The following page may be useful in the case where you need absolute portability of such operations. It discusses software for testing implementations of the IEEE 754 standard, including software for emulating floating point operations. Most information is probably specific to C or C++, however.
http://www.math.utah.edu/~beebe/software/ieee/
A note on fixed point
Binary fixed point numbers can also work well as a substitute for floating point, as is evident from the four basic arithmetic operations:
Addition and subtraction are trivial. They work the same way as integers. Just add or subtract!
To multiply two fixed point numbers, multiply the two numbers then shift right the defined number of fractional bits.
To divide two fixed point numbers, shift the dividend left the defined number of fractional bits, then divide by the divisor.
Chapter four of Hattangady (2007) has additional guidance on implementing binary fixed point numbers (S.K. Hattangady, "Development of a Block Floating Point Interval ALU for DSP and Control Applications", Master's thesis, North Carolina State University, 2007).
Binary fixed point numbers can be implemented on any integer data type such as int, long, and BigInteger, and the non-CLS-compliant types uint and ulong.
As suggested in another answer, you can use lookup tables, where each element in the table is a binary fixed point number, to help implement complex functions such as sine, cosine, square root, and so on. If the lookup table is less granular than the fixed point number, it is suggested to round the input by adding one half of the granularity of the lookup table to the input:
// Assume each number has a 12 bit fractional part. (1/4096)
// Each entry in the lookup table corresponds to a fixed point number
// with an 8-bit fractional part (1/256)
input+=(1<<3); // Add 2^3 for rounding purposes
input>>=4; // Shift right by 4 (to get 8-bit fractional part)
// --- clamp or restrict input here --
// Look up value.
return lookupTable[input];
Is this a problem for C#?
Yes. Different architectures are the least of your worries, different framerates etc. can lead to deviations due to inaccuracies in float representations - even if they are the same inaccuracies (e.g. same architecture, except a slower GPU on one machine).
Can I use System.Decimal?
There is no reason you can't, however it's dog slow.

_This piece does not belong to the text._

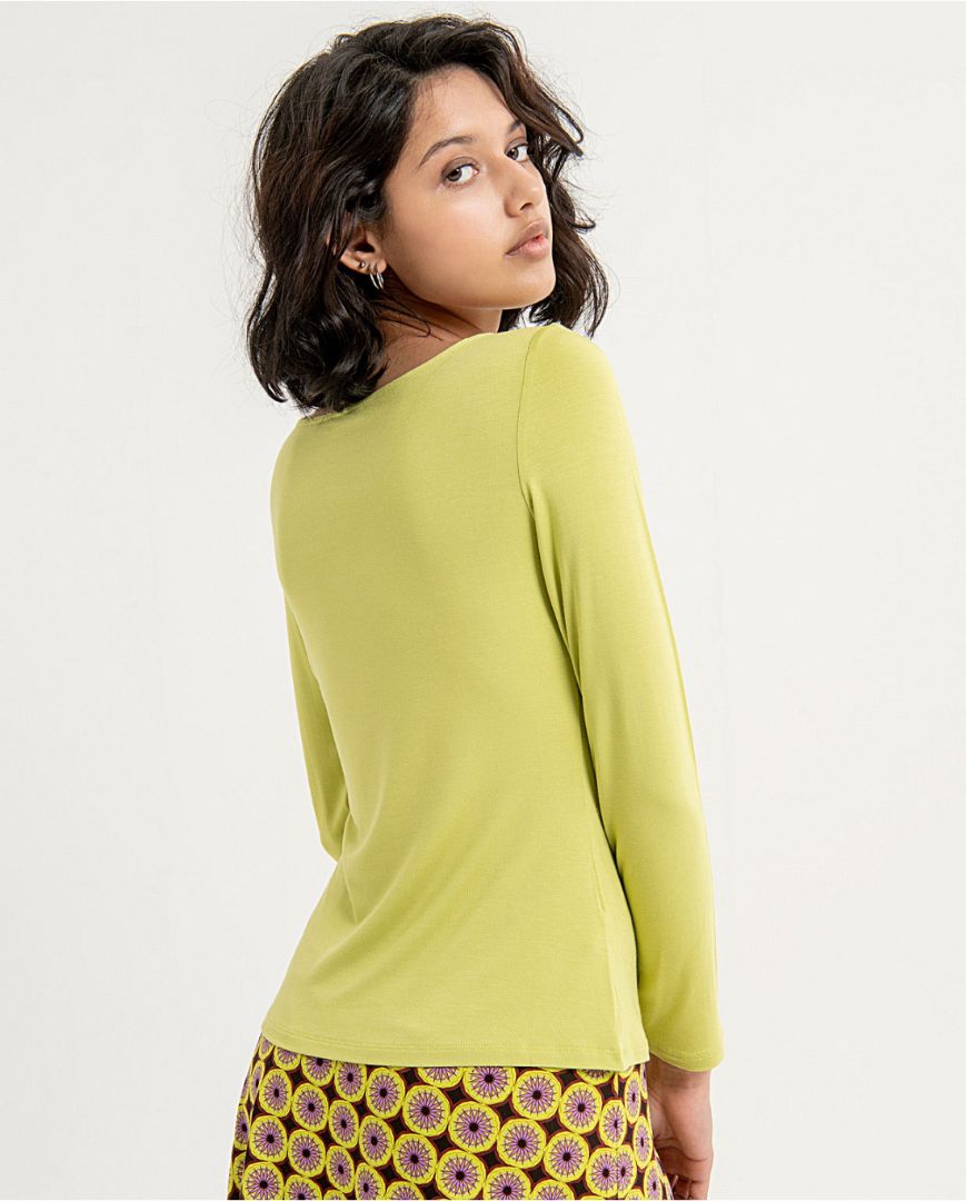Camiseta de manga larga entallada y cuello barco. Confeccionada con tejido elástico muy cómodo y un alto porcentaje de tejido ecológico. Lisa.
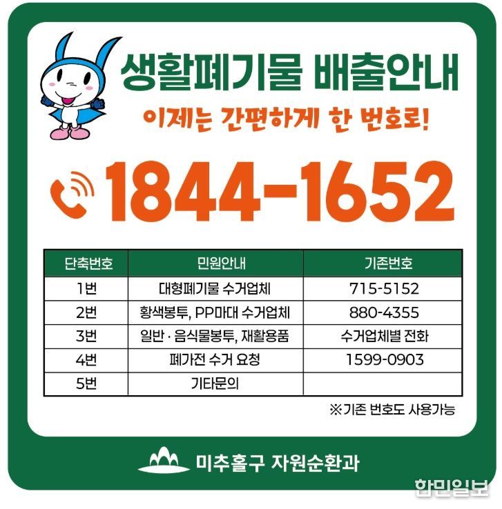 한민일보 서울포커스 백진욱 기자 | 인천 미추홀구가 주민들의 생활폐기물 배출 편의를 획기적으로 개선하기 위해 ‘생활폐기물 대표번호 자동응답 서비스(1844-1652)’를 3월부터 본격 시행한다고 밝혔다.

Is there a way to force my program to run in double precision?
Yes. Host the CLR runtime yourself; and compile in all the nessecary calls/flags (that change the behaviour of floating point arithmetic) into the C++ application before calling CorBindToRuntimeEx.
Are there any libraries that would help keep floating point calculations consistent?
Not that I know of.
Is there another way to solve this?
I have tackled this problem before, the idea is to use QNumbers. They are a form of reals that are fixed-point; but not fixed point in base-10 (decimal) - rather base-2 (binary); because of this the mathematical primitives on them (add, sub, mul, div) are much faster than the naive base-10 fixed points; especially if n is the same for both values (which in your case it would be). Furthermore because they are integral they have well-defined results on every platform.
Keep in mind that framerate can still affect these, but it is not as bad and is easily rectified using syncronisation points.
Can I use more mathematical functions with QNumbers?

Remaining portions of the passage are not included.